• [Source data]
______________________________
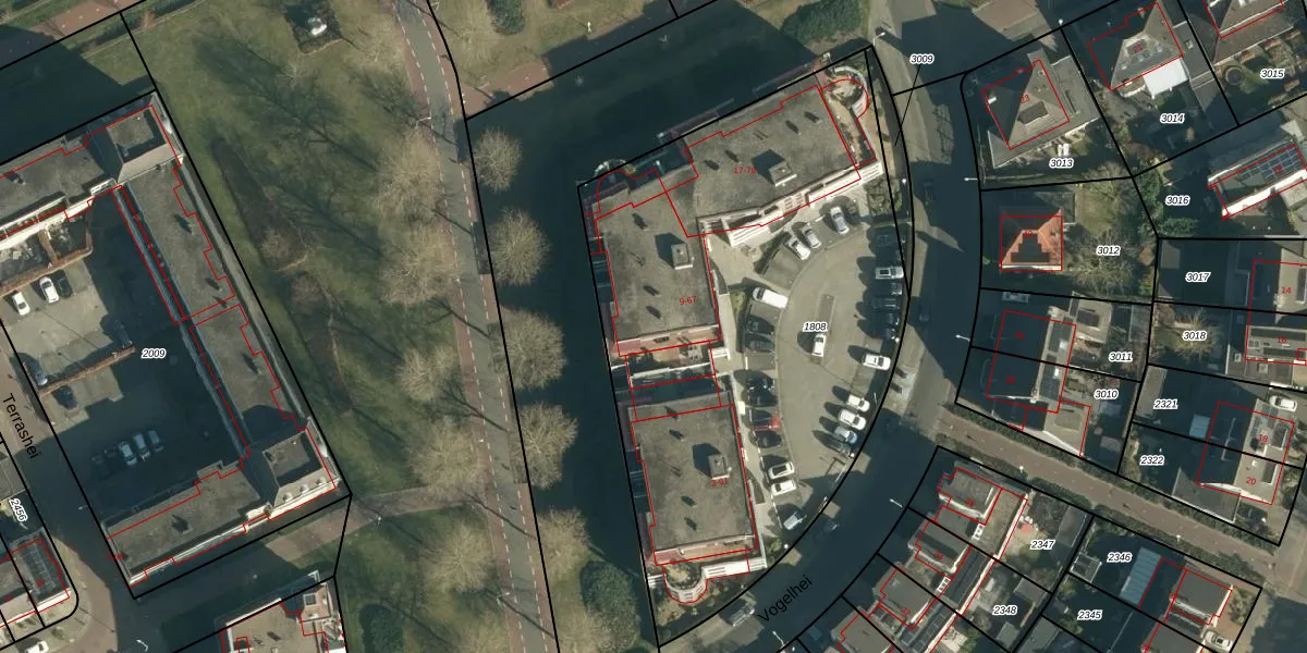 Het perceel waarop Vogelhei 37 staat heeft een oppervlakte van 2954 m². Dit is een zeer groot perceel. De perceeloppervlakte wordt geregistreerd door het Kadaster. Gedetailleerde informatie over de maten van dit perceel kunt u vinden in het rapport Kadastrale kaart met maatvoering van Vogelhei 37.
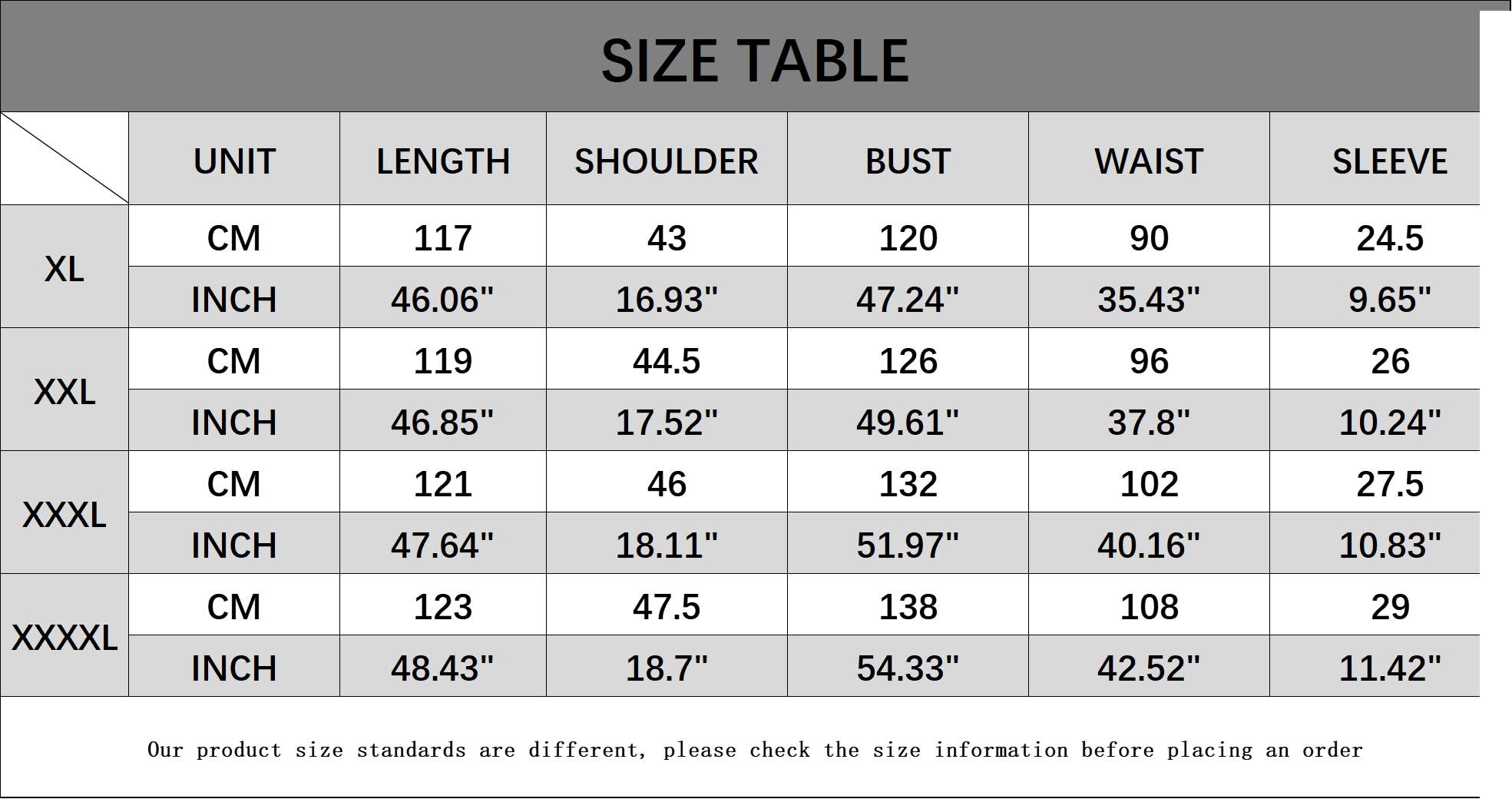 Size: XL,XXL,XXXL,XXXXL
______________________________
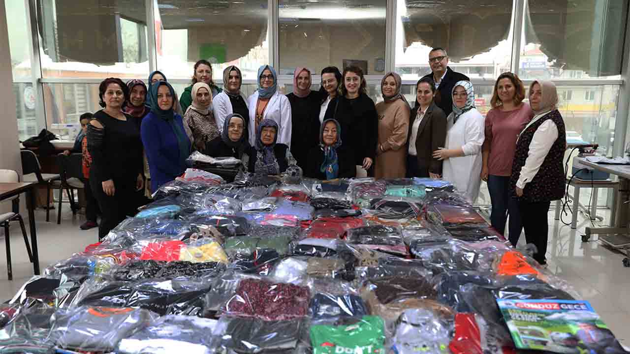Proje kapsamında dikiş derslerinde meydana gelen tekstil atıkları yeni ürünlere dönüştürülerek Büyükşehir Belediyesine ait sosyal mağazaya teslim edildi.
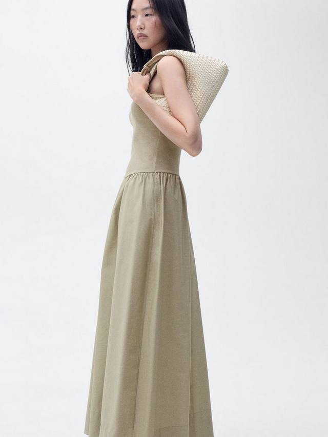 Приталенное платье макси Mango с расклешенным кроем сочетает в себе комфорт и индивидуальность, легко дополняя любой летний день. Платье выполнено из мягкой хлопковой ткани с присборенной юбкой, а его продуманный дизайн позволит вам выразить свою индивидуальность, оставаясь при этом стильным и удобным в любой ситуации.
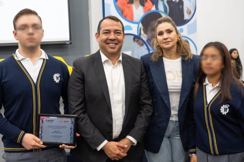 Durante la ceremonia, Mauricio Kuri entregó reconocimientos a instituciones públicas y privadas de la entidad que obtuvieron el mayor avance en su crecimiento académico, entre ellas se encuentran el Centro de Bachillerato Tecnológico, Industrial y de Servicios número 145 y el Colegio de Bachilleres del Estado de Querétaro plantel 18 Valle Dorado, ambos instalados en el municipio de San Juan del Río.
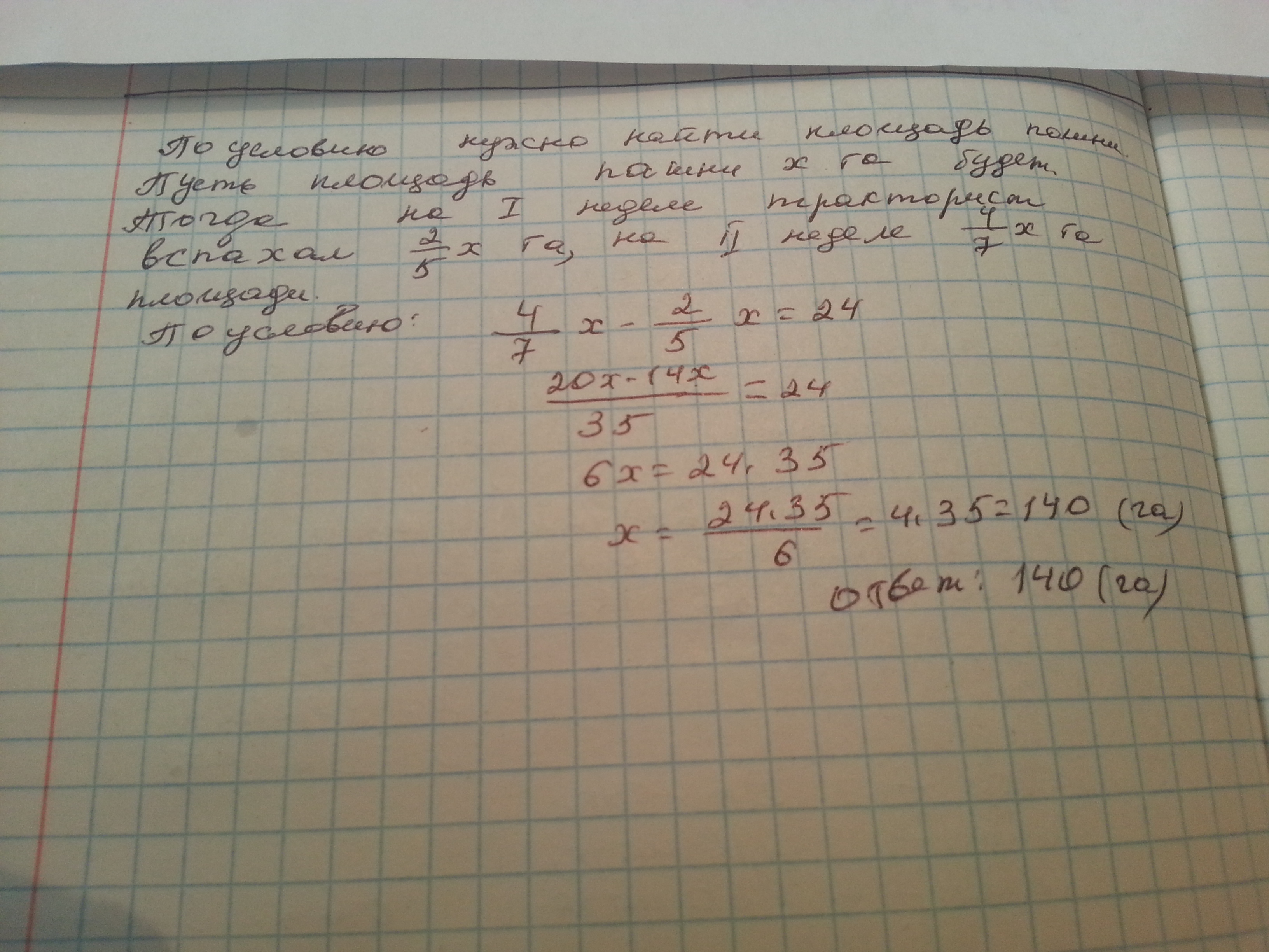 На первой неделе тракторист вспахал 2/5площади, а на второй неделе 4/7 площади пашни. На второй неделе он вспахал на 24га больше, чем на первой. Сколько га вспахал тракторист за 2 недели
______________________________
• [What is needed] In the listing above, find the line with "Het perceel waarop" and output it and every line after it up to and including the line with "Size: XL,XXL,XXXL,XXXXL", exactly, minus the pictures.

• [Exercise response]
 Het perceel waarop Vogelhei 37 staat heeft een oppervlakte van 2954 m². Dit is een zeer groot perceel. De perceeloppervlakte wordt geregistreerd door het Kadaster. Gedetailleerde informatie over de maten van dit perceel kunt u vinden in het rapport Kadastrale kaart met maatvoering van Vogelhei 37.
 Size: XL,XXL,XXXL,XXXXL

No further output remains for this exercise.